I remember the photo he's referencing, but I couldn't find a copy of it after at least five solid seconds of searching, so please enjoy this classic Bush With Bird image in its stead:
And thus heralds the gun portion of the chapter. Yippee, etc. Privilege and Ammo.
[Content Note: Guns; rape culture.]
Chapter 3, page 35: "Governor Richards had been criticized for vetoing a referendum that would have allowed Texans to express their opinion on a conceal-and-carry law. I argued that Texas should have this law. I knew that many law-abiding citizens, including many women who worked late at night or alone, were carrying weapons to protect themselves."
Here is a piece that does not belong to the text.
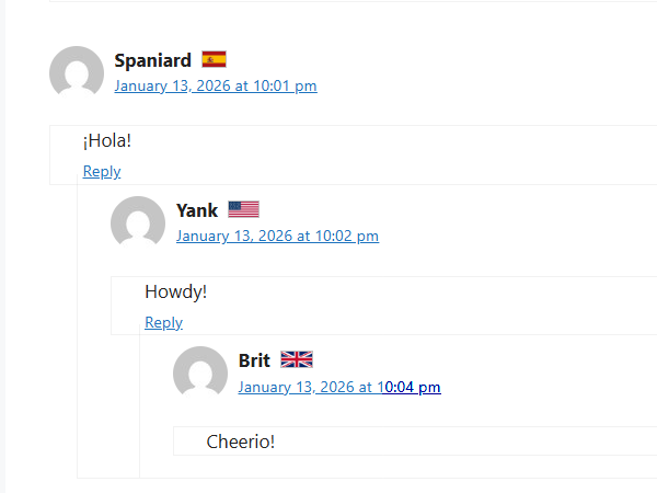 One limitation is that the Country selection and flag display are not available to logged-in users. Since such users’ metadata (name and email) are handled internally by WordPress, it was decided that support for the Country field in this case would be unduly complex. The logged-in user would just need to log out, then revisit the blog to make their flag selection.

Conservative politicians always say this: They know shitloads of ladies who are packing heat to defend themselves on the job. But, despite having not a few female friends who are conservative and/or gun owners, including some who have been sexually assaulted (which is the implied crime against which women need to carry weapons to protect themselves), I have never known a woman who routinely carries a weapon. I'm not saying it never happens, and I'm sure some flesh-and-blood women carry weapons for self-defense, but do "many" women not made out of straw really do this? I suspect not.
On the other hand, many (for realz) conservative male politicians argue, without a hint of compunction, that women should be allowed to carry concealed weapons in order that they might defend themselves against rapists, even though a woman is more likely to be raped at gunpoint than successfully use a gun to deter a rapist.
And that's not because women are shrinking violets who can't handle weaponry: It's because women are exponentially more likely to be raped by someone they know, in a familiar space, than by a stranger. And it's not all that easy for any human being to shoot someone they know, even when that person is hurting them.
Women also tend to have some intuitive sense, if they don't explicitly know, that women who use violence to defend themselves are often punished for it. Men like Bush say they want women to defend themselves by any means necessary, but, when it comes right down to it, they don't. It's the same old "he said, she said," except now she's not just "crying rape," as the apologists like to say, but "claiming rape as a justification for hurting an innocent man." See how that works?
There are so many fallacies underlying what a swell idea it is for women to carry concealed weapons. Using women to justify carry-and-conceal laws is audaciously exploitative, and fucking stupid to boot.
[From George Bush's A Charge to Keep, gifted to me by Deeky, because he hates me. In the US, all people who plan to run for president write a shitty book. (Some are less shitty than others, by which I mean the Democrats' books.) A Charge to Keep was George W. Bush's shitty I-wanna-be-president book, published in 1999. I am blogging one random quote per page every day until I have either made my way through the book or lost it behind a couch.]